I am running Vertica 7.2 and need to map some external tables based on ORC files which reside on a Hadoop (Hive) database. I'm using the ORC reader instead of the HCatalog because is much more fast.
I defined the external tables as described in the documentation (create external table ... as copy ... from '/<path>/*' ORC) and this works for all the "tables" that have multiple ORC files in the same folder.
I also have a "table" that is partitioned by a field and the result is that I see a bunch of (I guess, I'm not keen on Hive) unpredictable sub-folders (each containing a set of ORC files) based on that partitioning criteria. The issue here is that I cannot point Vertica to the "main" folder because it will give me an error saying that it finds a folder instead of a file, but at the same time I don't know how many "sub-folders" we have (supposing I want to create a different external table for each partition).

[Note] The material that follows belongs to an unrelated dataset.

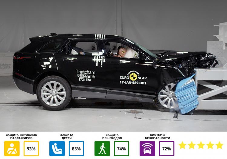 Range Rover Velar avtomobili kraş-testdən keçib. Model mümkün 5 ulduzdan hamısını qazana bilib. Velar sərnişinlərin müdafiəsinə görə maksimal nəticənin 93 faizini əldə edib. Sürücünün sinə müdaifəsi yüksək qiymətləndirilsə də, arxada oturan sərnişində müdafiə zəifdir. Eyni zamanda, arxa tərəfdən güclü zərbə olarsa, ikinci cərgədəki sərnişinlərin boyundan zədə almaq ehtimalı çoxdir. Krossoverlər arasında ən yüksək göstərici Alfa Romeo Stelvio-ya məxsusdur: 97 faiz. Piyadaların müdafiəsinə görə isə Velar 74 faiz təhlükəsiz maşın kimi dəyərləndirilib. 10 yaşlı uşağı təqlid edən manekenlə yoxlamalar zamanı da Range Rover Velar az qiymət alıb.

I cannot find so much documentation on these ORC files, did anybody faced this problem before?
Any help is appreciated
Stefano
Comments
You can read nested folders by specifying a "/*" for each sub-directory.
Assuming you have a single partition column in Hive, the above syntax will read into all the sub-directories in the partition folder.
Does this solve your problem ?
And if you have more than one layer of partitioning, add wildcard directories to the path. For example, if you have two partition columns, use '/path/*/*/*'. The number of wildcards should always be one more than the number of levels of partitioning in the directory tree.
Hi Deepak and Monica,
thank you very much for your solutions! You both explained really well how it works.
I'm going to try it immediatly.
Best regards
Stefano